As Amended: The amendment adds a number of requirements:

  1. DHHS must work with the Foster Care Office (successor to the Foster Care Review Board) to plan for and implement that data system.
  2. DHHS must prepare the planning document for federal funding for the automated data system by December 1, 2012 and include an plan on the operation and management of the data system once it is implemented.
  3. The amendment adds the content of LB 774, requiring DHHS to turn in its annual reports on September 15 on the following: 1) Child caring agencies’ condition, management, and competency to care for juveniles its care; 2) The commitments, placements, facilities and programs that serve wards of the Office of Juvenile Services (OJS); 3)A summary of programs and services provided to children and families that aim to satisfy the Family Policy Act; 4) A report on caseloads of child protective service workers; 5) An annual review of the children’s behavioral health programs established after the Safe Haven Crisis: the Nebraska Family Helpine; the Family Navigator Program; and Right Turn (post-adoptive and post-guardianship assistance); 6) The number of waivers provided to foster placements and the number of children living in relative foster homes; 7) An annual report from the Child Death Review team. The HHS Committee also must report to the Governor, the Legislature, and the Chief Justice on December 15, 2012 and the two years following on the progress made in implementing the LR 37 recommendations.
  4. A report from the Division of Children and Family Services, Division of Developmental Disabilities, Division of Behavioral Health, and Division of Medicaid and Long-term care must be submitted by December 1, 2012, summarizing how individuals with co-occurring needs are currently served, identifying gaps and differences in funding sources, and recommendations for any statutory changes that may help address gaps.
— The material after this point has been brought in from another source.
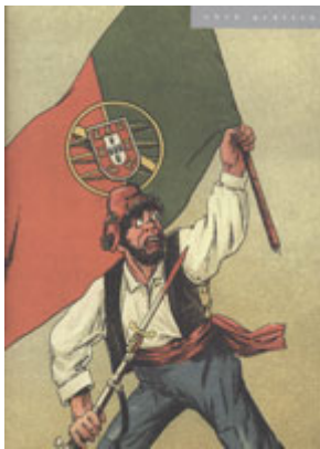
Postal comemorativo da Revolução de 5 de Outubro de 1910. Zé Povinho , travestido de revolucionário: de barrete frígio, empunhando na mão direita uma baioneta ensanguentada e na esquerda a Bandeira Nacional.

De fora deste bloco regenerador ficariam apenas as elites monárquicas e o clero reaccionário, que seria preciso destronar das habituais e ancestrais fórmulas de domínio: social, religioso e político. Sabia-se bem como o recrutamento dos homens para a Ideia republicana havia de fazer-se pela doutrinação e como esta havia de sustentar-se sobre uma nova "religião cívica", assente na "festa cívica", na reconstrução do imaginário colectivo, numa nova gramática simbólica e mesmo numa renovação das fórmulas administrativas.

Introducing Senator: Health and Human Services Committee (Campbell, Gloor, Bloomfield, Howard, Krist, Lambert), Pirsch – Performance Audit Priority Bill

Committee: Health and Human Services

Committee Hearing Date: February 8, 2012

Current Status:  Signed by the Governor, April 11, 2012.

Estimated Fiscal Impact: The bill provides costs a total of $431,097 from the General Fund and $281,097 in federal funds with the following breakdown: $500,000 for a data management plan and design; $62,194 for two business analysts; and $150,000 for an evaluator in FY’13.

Voices for Children’s Position: Support (see our testimony here).